There are many ways that you can blind your biases. The second strategy is learning about the tactics of dehumanization so that you can be more immune to them. For example, there's what's called 'moral pollution,' where you associate members of your outgroup with something repulsive.
Whatever's coming outta their mouth now, everyone is a little less eager to hear that because that group has already been smeared. And as we learn about these tactics, we can be immune to them. Once we do that, that gives us the opportunity to build a richer model of the other person.
The third strategy is entangling group membership or complexifying your allegiances. If I meet you and I learn that you like surfing and I like surfing, and you like this kind of dog, and I like that kind of dog, and we find all these things about one another that we have in common, that's the stuff that allows people to bond.
And only later something comes out where we realize we have a disagreement, and then I say, "Wow, that's interesting.

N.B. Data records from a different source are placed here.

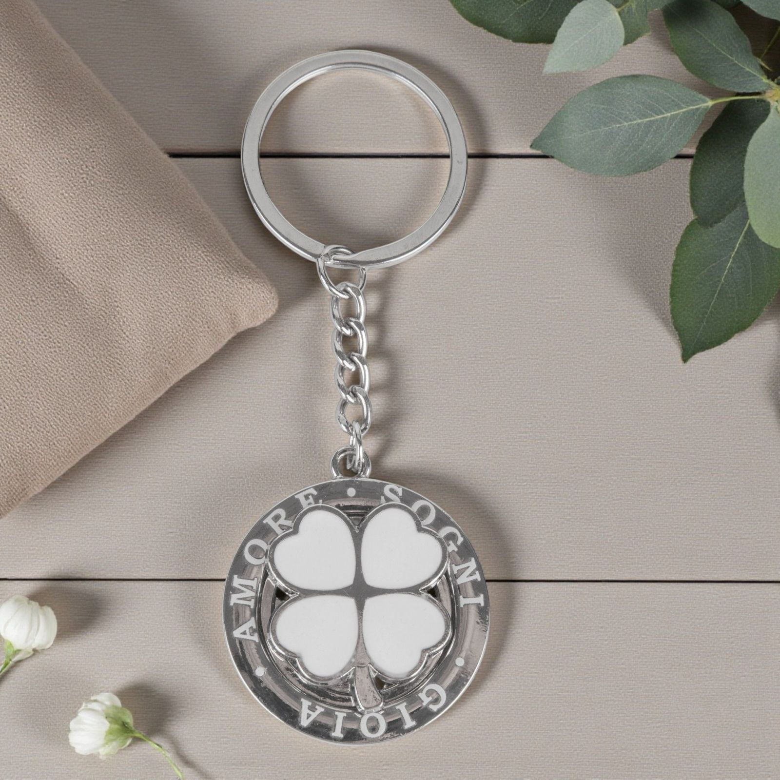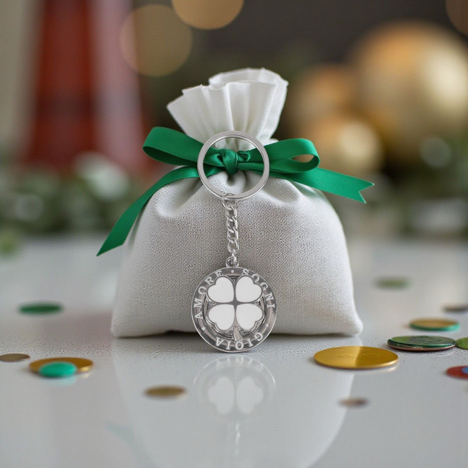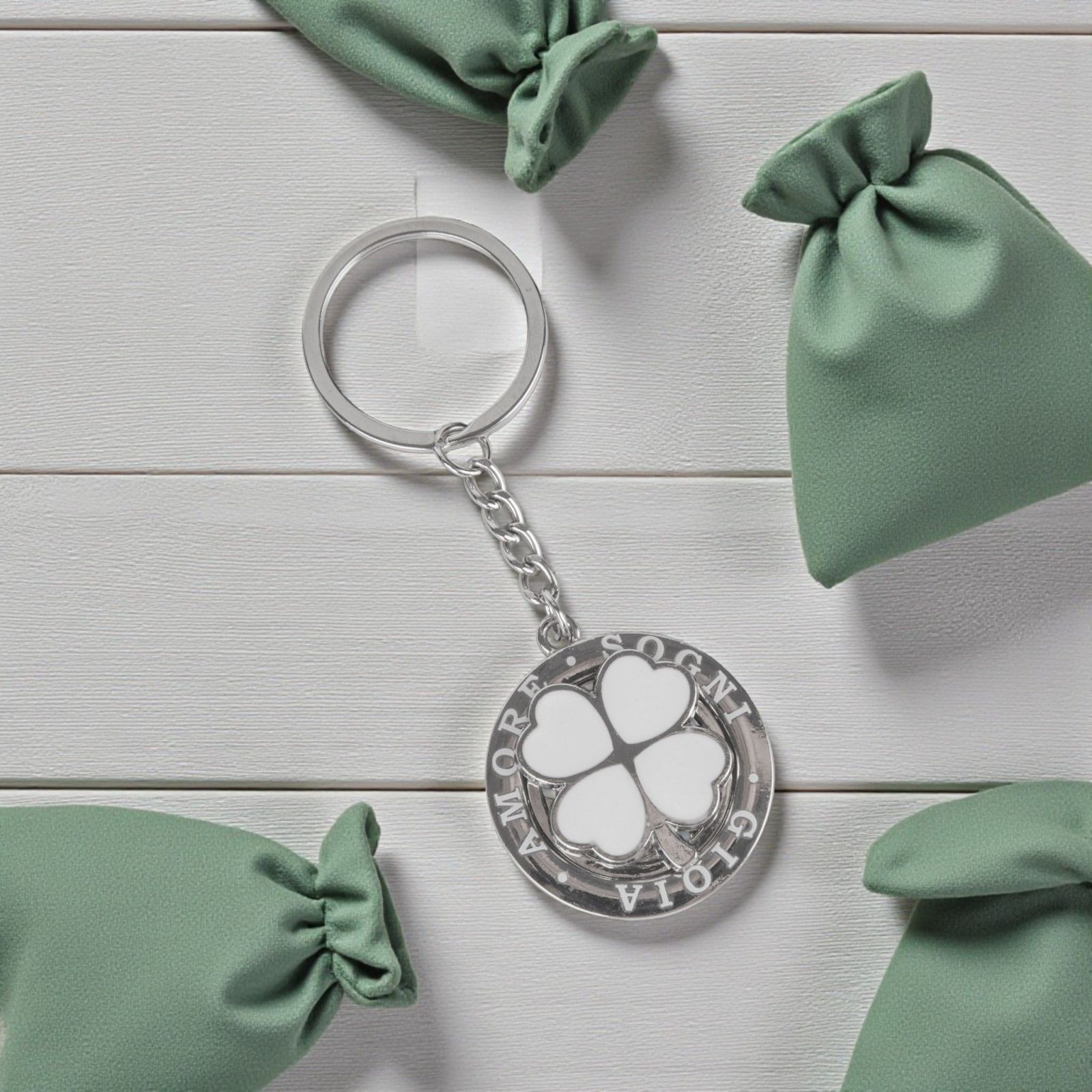 Un piccolo pensiero dal grande significato: portachiavi a forma di ruota con scritta “Amore, Gioia e Sogni” e quadrifoglio portafortuna centrale. Perfetto come bomboniera, segnaposto o regalo per gli invitati, unisce praticità ed eleganza in un oggetto originale.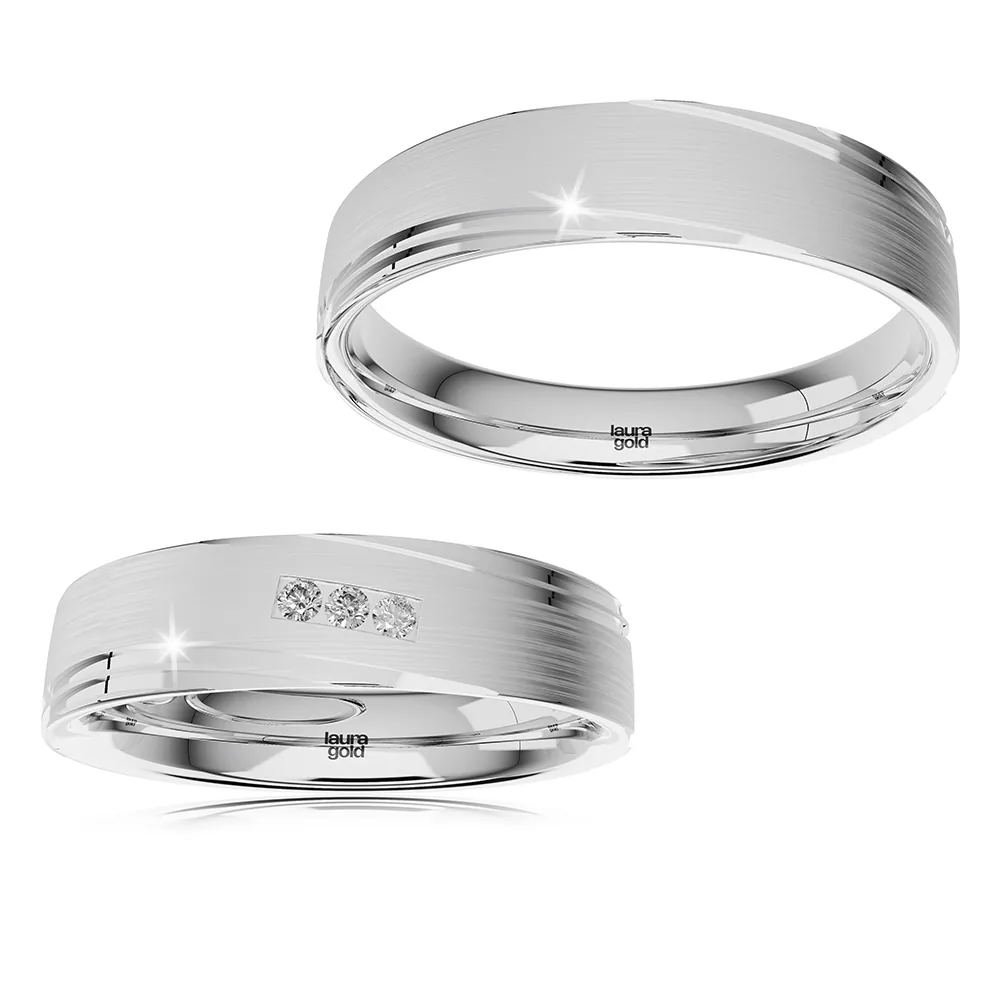 Štýlové obrúčky z bieleho zlata sú vyrobené spojením dvoch technológií matovania a vysokého lesku. Vsádzame na kvalitu, presnosť, luxus, komfort. Toto všetko sme vložili do našej práce. A toto spojenie Vám ponúkame pre Váš veľký deň. Dámska obrúčka je ozdobená krásnymi trblietavými zirkónmi s možnosťou výmeny za pravý briliant. Urobte svoj deň výnimočným. Urobte si ho výnimočným s nami.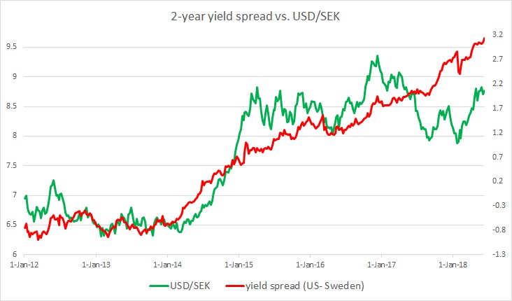 The chart above shows, how the relationship between USD/SEK and 2-year yield spread has unfolded since 2012.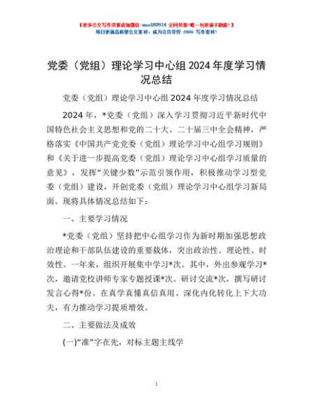 / 党委(党组)理论学习中心组2024年度学习情况总结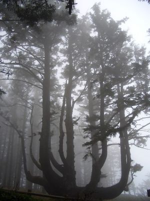 Ein kurzer Spaziergang durch den dampfigen Wald führt uns zum Octopus Tree. Klar, es ist feucht und nebelig, aber die Stimmung und Landschaft ist (gerade dadurch) besonders reizvoll.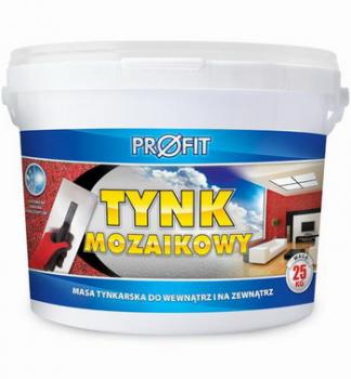 Tynk mozaikowy PROFIT - ziarno 0,8 - 1,2 mm lub 1,2 - 1,6 mm. Dekoracyjny tynk cienkowarstwowy do stosowania wewnątrz i na zewnątrz budynków, jest produkowany w kilkunastu kompozycjach kolorystycznych. Tynk mozaikowy PROFIT służy do wykonywania ozdobnych barwnych wypraw tynkarskich na tradycyjnych tynkach, na podłożach betonowych, gipsowych oraz na płytach wiórowych, gipsowo-kartonowych itp. Spoiwem są tu transparentne żywice, a wypełniaczami kolorowe żwirki kwarcowe o uziarnieniu 0,8-1,2 mm (kolory oznaczone MD), żwirki kwarcowe o uziarnieniu 1,2-1,6 mm ( kolory oznaczone MS). Materiał przeznaczony jest do nakładania i wygładzania metalową pacą. Po związaniu uzyskuje się barwną wyprawę. Właściwości materiału pozwalają mostkować istniejące w podłożu włosowate rysy. Tynk szczególnie zalecany jest do stosowania na wyeksponowanych, narażonych na wycieranie ścianach wewnątrz budynków, np. przy wejściach, na korytarzach, na klatkach schodowych. Na zewnątrz budynków, tynk mozaikowy PROFIT zaleca się stosować na powierzchniach ulegających szybkiemu zabrudzeniu: na cokołach, balustradach, w ościeżach okien i drzwi.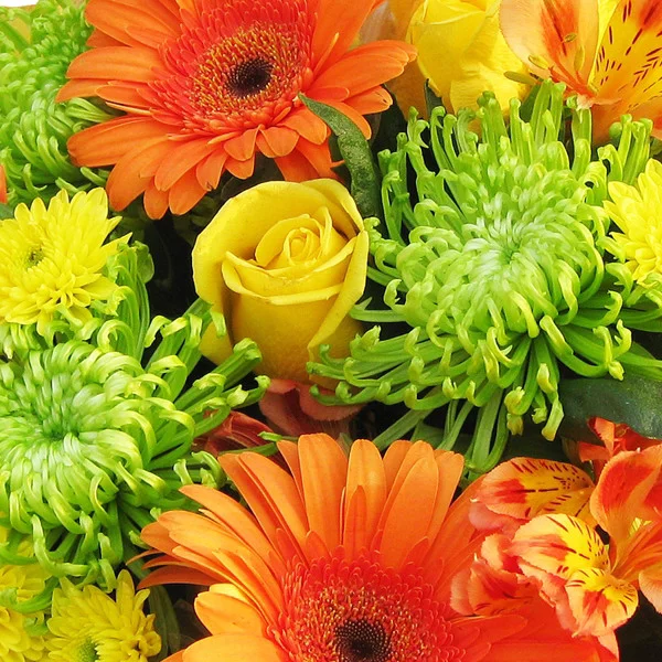 Яркая, насыщенная страстью и светом цветовая палитра из гербер, роз и хризантем, великолепно подойдет для подарка, как мужчине, так и женщине, когда чувства осмысленны, проверены и так же свежи, как в первый день! Сделает самый обычный день лучшим!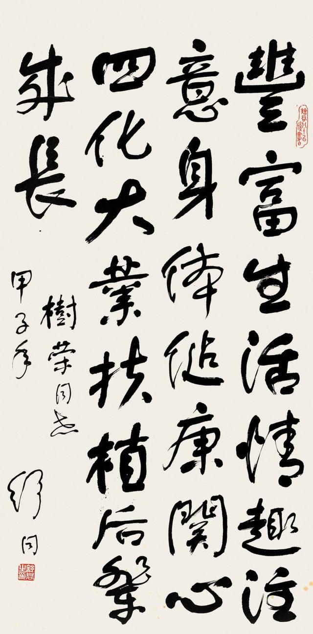 启功的书法,大家更熟悉了。他的书法有什么特点?首先是结体,挺拔秀美,比较符合大家伙的审美,属于人见人爱的那种类型。另外呢,启功的线条也是比较有力量和韧劲的,就像是一节一节的竹竿一样。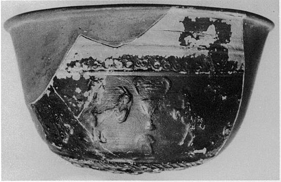 | Description: | Profile from rim to edge of bottom medallion and one-quarter to one-third of side preserved. Out-turned lip with groove scratched through glaze on underside. Relief decoration: the bottom, on which there are two rows of leaves outside the medallion, is separated from the side by a band of diagonal lines. In cental zone, urns and goats, masks, rabbits and bunches of grapes. A band of double spiral at base of rim. Metallic glaze, somewhat peeled around lip outside. Cf. P 11413 from same mould. | |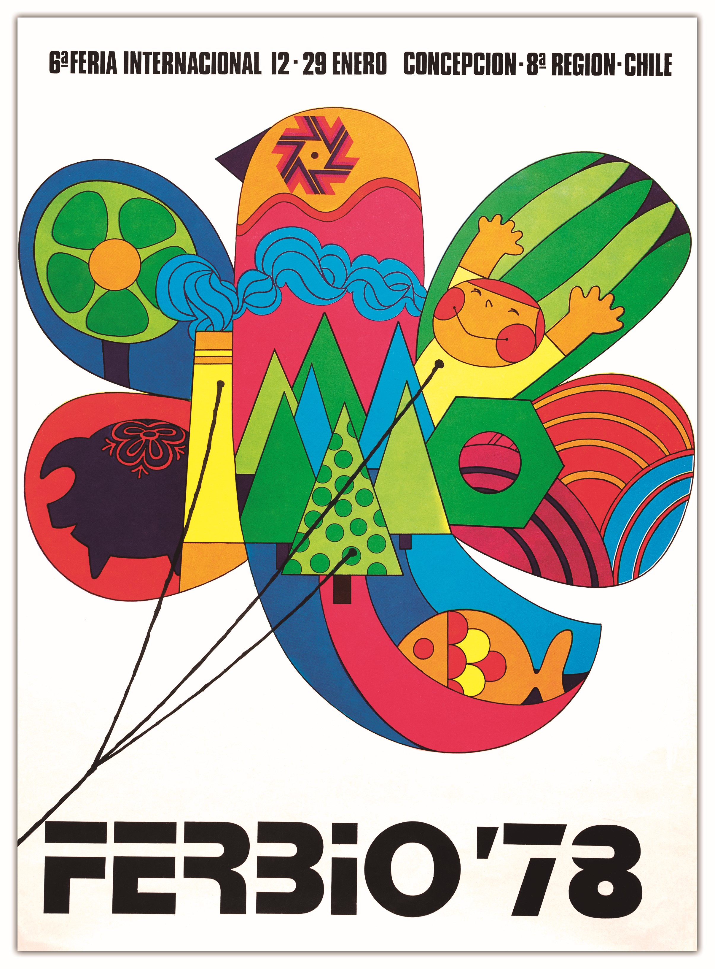 ![]() | FERBIO ’71 Año 1971 Con este afiche del autor da inicio a su trabajo profesional en la Región del Biobío. |

I wouldn't have expected that. Tell me about that. Let me understand that a little bit better, because we're already bonded based on other pieces."
So this is a way of making sure that we can improve communication across these gaps between each brain and every other brain. It's a way of making sure that we understand that everyone's not experiencing reality the same way on the inside.
And what you need are deeper bonds that hold people together, so that you understand other people as fellow humans in a way that's more fruitful and beneficial for our future.